Küçüm Khan's attempt to impose Islam on his subjects and his cross border raids were vigorously opposed by the Russian Tsar who sent a force of Cossacks to confront him head on. Küçüm is particularly noted for the vigorous resistance he gave to the Russians invaders.
[edit] Background
Kuchum was the son of prince Mortaza from the Shayban dynasty (Şäyban). In 1554, he contested the throne of the Siberia Khanate against his rivals Yadegar (Yädegär) and Bekbulat, who were both vassals of Russia. In 1563, Yadegar was defeated and Kuchum assumed the throne. In 1573, Kuchum conducted a raid on Perm. It was this and other minor raids which prompted the Tsar of Russia to support a Cossack invasion of Siberia.
[edit] War with Russia
In 1582, the Siberia Khanate was attacked by the Cossack ataman Yermak, who defeated Kuchum's forces and captured the capital Qashliq. Kuchum retreated into the steppes, and over the next few years regrouped his forces. He suddenly attacked Yermak on August 6, 1584 in the dead of night, and killed Yermak and most of his army; regaining control of the now ruined Qashliq. Kuchum attempted to unite the rival factions within the khanate nobility but met with resistance. After an unsuccessful attempt on his life by Qarachi Sayet khan (Säyet), Kuchum was forced to move his horde to the steppe south of the Irtysh river. There he attempted to establish a new khanate, engaging in war against Russian governors.

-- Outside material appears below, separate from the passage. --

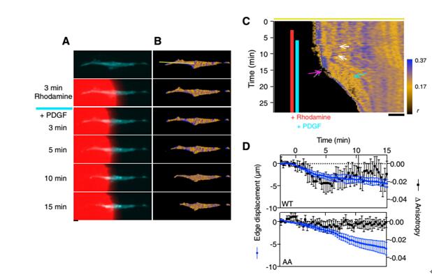 接下來(lái),研究人員需要進(jìn)行單細(xì)胞刺激以觀察亞細(xì)胞水平的肌球蛋白磷酸化動(dòng)態(tài)過(guò)程。在細(xì)胞收縮前,細(xì)胞外突出包含穩(wěn)定的高異向性磷酸化區(qū)域(圖3B),之后使用Biopen對(duì)細(xì)胞外突出進(jìn)行PDGF刺激,瑞典Fluicell公司的單細(xì)胞微流控給藥系統(tǒng)Biopen采用高端的微流控技術(shù),可以在顯微鏡下精確的控制液體覆蓋范圍,如圖中若丹明紅色染料所覆蓋區(qū)域即為本次實(shí)驗(yàn)的刺激區(qū)域。首先,細(xì)胞骨架收縮10-20μm(圖3C,白色箭頭),收縮前端的RLC異向性的提高(圖3C,粉色箭頭前方),肌球蛋白的去磷酸化,包括收縮前端(圖4C,粉色箭頭下方)和內(nèi)部(圖3C,藍(lán)色箭頭)。整個(gè)過(guò)程收縮邊緣肌球蛋白R(shí)LC的異向性改變定量統(tǒng)計(jì)見(jiàn)圖3D,mCer3-RLC(AA)邊緣的異向性無(wú)明顯改變,野生型的RLC異向性明顯降低。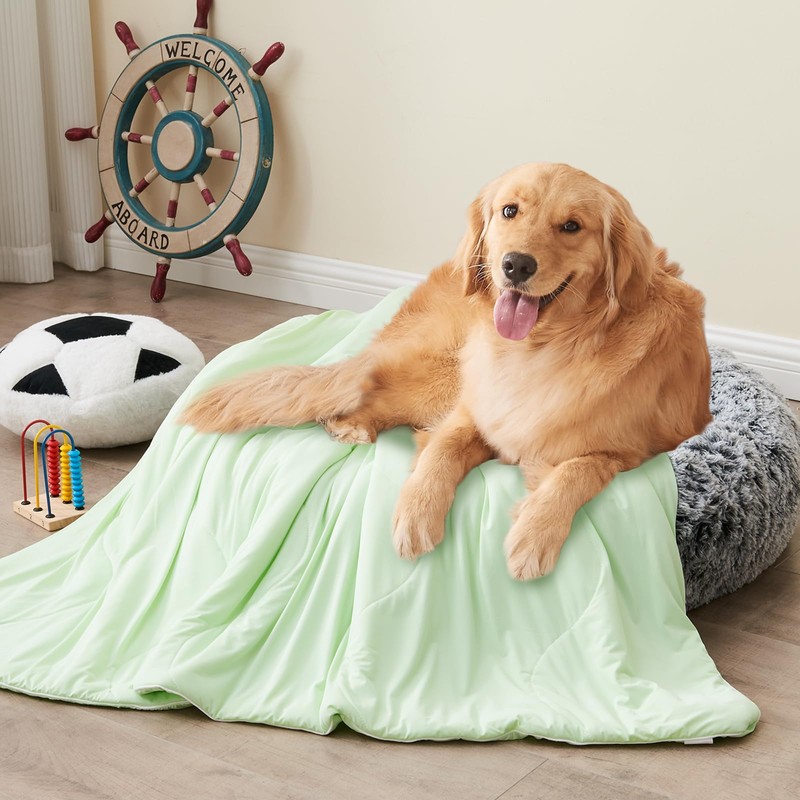 Qieryun Cooling Blanket for Dogs, Dog Blankets for Large Dogs, Q-MAX > 0.5 Cold Washable Dog Blanket, Soft Durable Self Cooling Cat Mat for Hot Weather, Green 40x50

In 1586 he was again attacked and driven back. After many skirmishes, he was finally defeated in August 1598 at the Battle of Urmin on the banks of the River Ob by governor Andrey Voyeykov. Kuchum escaped to the lands of the Nogay Horde, but Voyeykov captured Kuchum's family and took them as hostages to Moscow. The Tsar invited Kuchum to join his family in Moscow and "comfort himself" in the Tsar's service. Kuchum opted to spend the rest of his life in exile rather than become the servant of the Tsar. He is believed to have died c. 1605 in Bukhara.
Kuchum is portrayed in numerous Tatar and Russian songs and legends. His descendants remained in Muscovy, eventually assuming the title of Sibirsky.

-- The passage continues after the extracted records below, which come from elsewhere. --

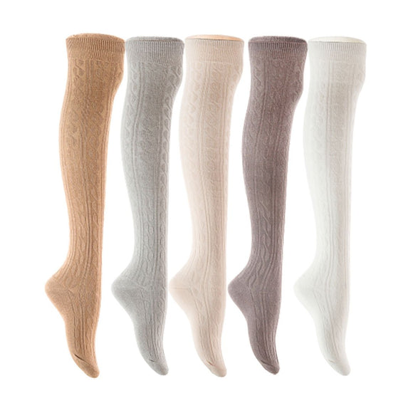 Lian LifeStyle Women's 5 Pair Adorable Comfortable Soft Thigh High Over Knee High Cotton Socks Size 6-9 L1024 (Beige,Light Grey,Cream,Dark Grey,White)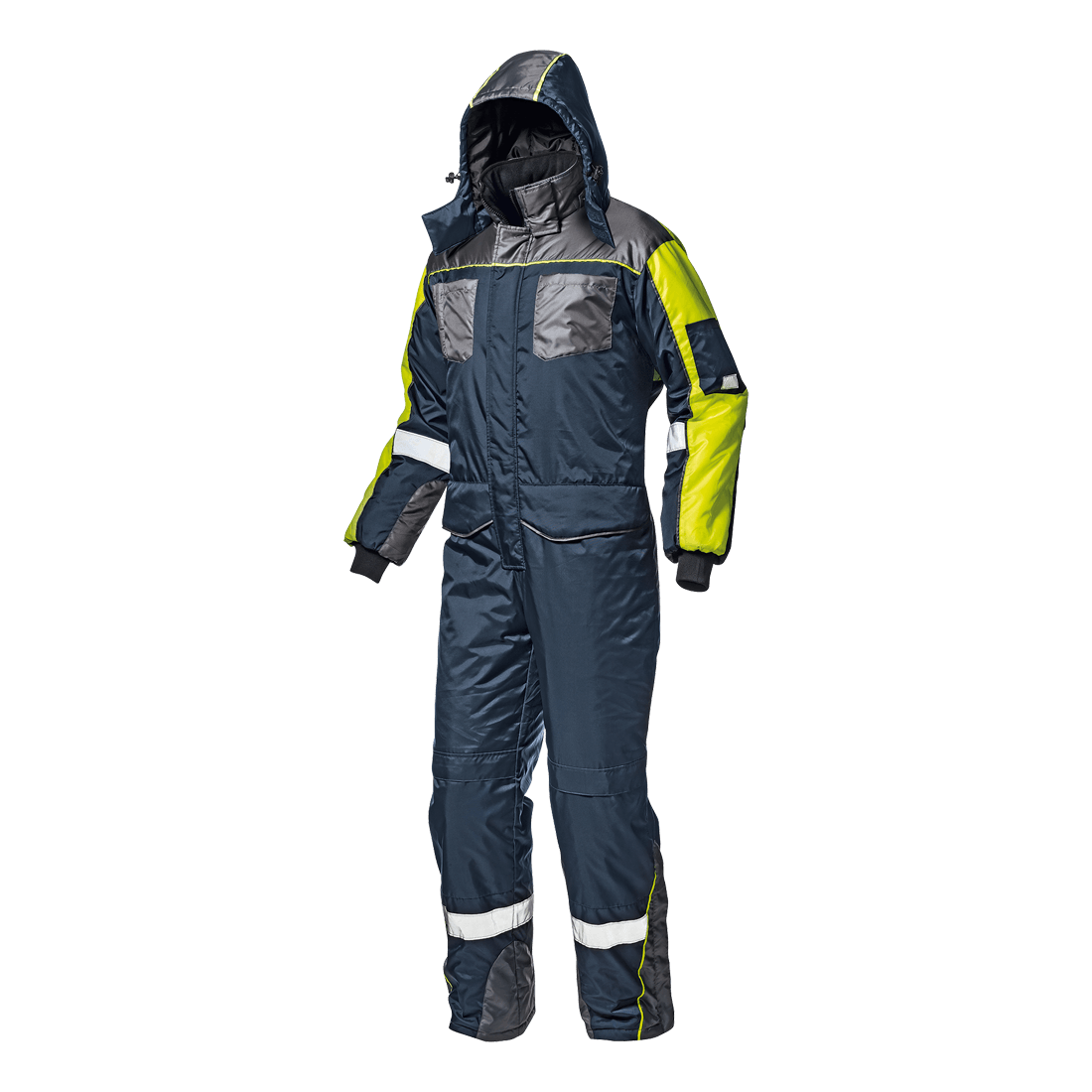 Coverall in 100% 420D Oxford nylon fabric with Thinsulate 3M padding 350 g/m2, suitable for protection against low temperatures down to -60°C. With concealed two-way zipper closure with buttons’ flap, chest pockets with Velcro and pen holder on the right. Pocket on left sleeve, frog closure on collar with double Velcro, side pockets with flaps and Velcro, collar with fleece lining, elastic knitted cuffs, inner pocket. Detachable padded hood with drawstring, small visor with double Velcro, knee pad pockets with Velcro closure and ankle zipper closure.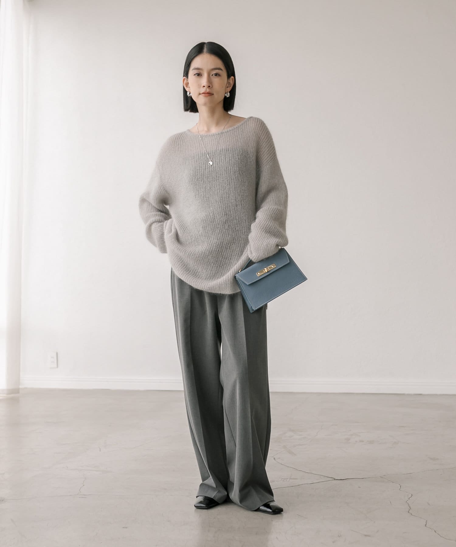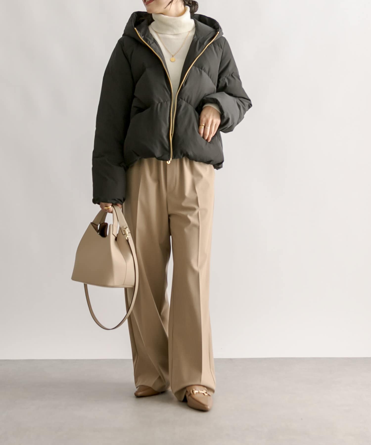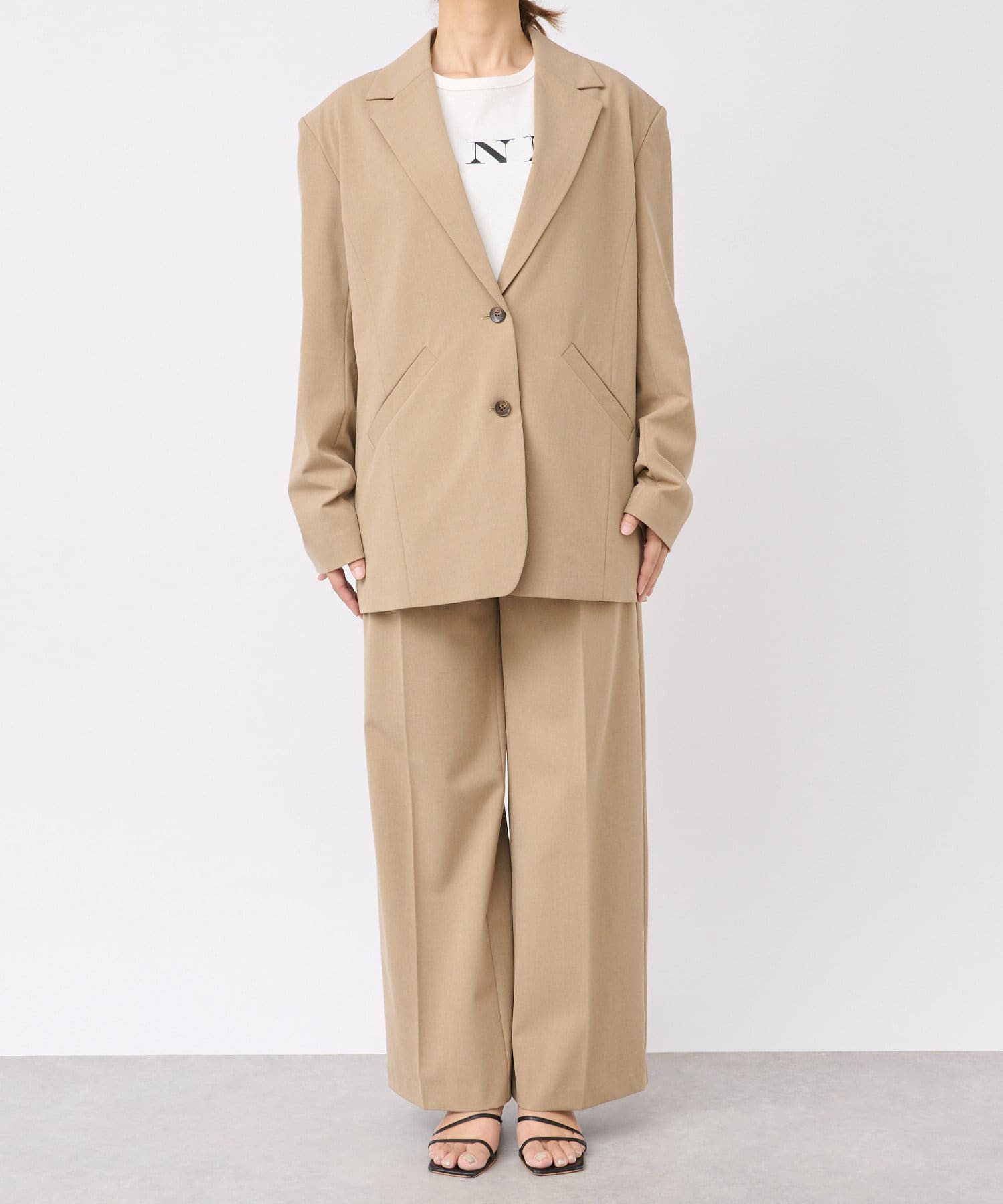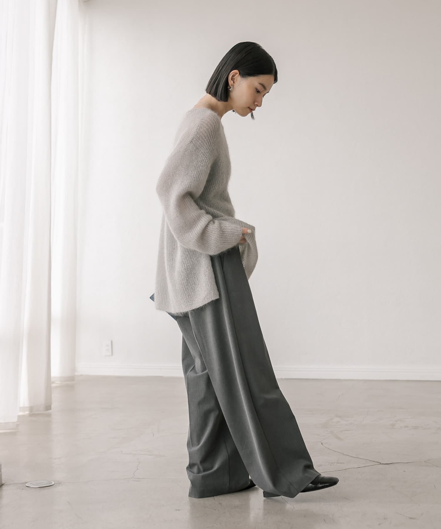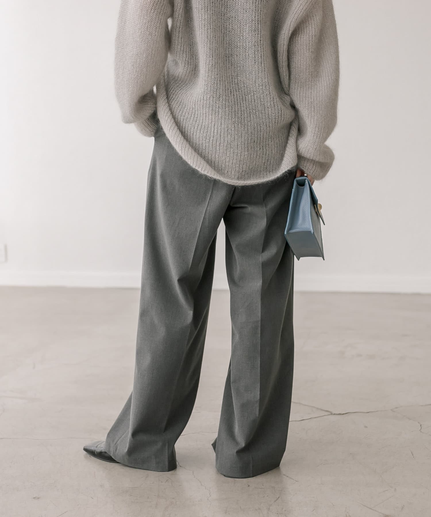 トップスをインするスタイリングもおすすめですが、ゆったりめのトップスを合わせてシンプルなスラックスとしても着用いただけます。

In 1591, the son of Kuchum, Abul Khayir was the first of his dynasty to convert to Christianity. His conversion was followed by the conversion of his entire family who eventually assimilated into the Russian nobility. For instance, although his son was known as Vasily Abulgairovich, his grandson's name, Roman Vasilyevich, could no longer be distinguished from a native Russian name.

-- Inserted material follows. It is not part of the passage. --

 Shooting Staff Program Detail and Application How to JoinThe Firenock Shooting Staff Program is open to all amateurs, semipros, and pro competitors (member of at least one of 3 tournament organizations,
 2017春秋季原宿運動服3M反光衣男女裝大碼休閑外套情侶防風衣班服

In 1686, the tsar decreed that the dynasties of the ruler of Imertia in the Caucasus along with the princes of Siberia and Kasimov were to be into the Genealogical Book of the Russian nobility.[1]
[edit] References
- ^ Michael Khodarkovsky, Russia's Steppe Frontier, Indiana University Press, 2002, ISBN 0253217709, M1 Google Print, p. 265.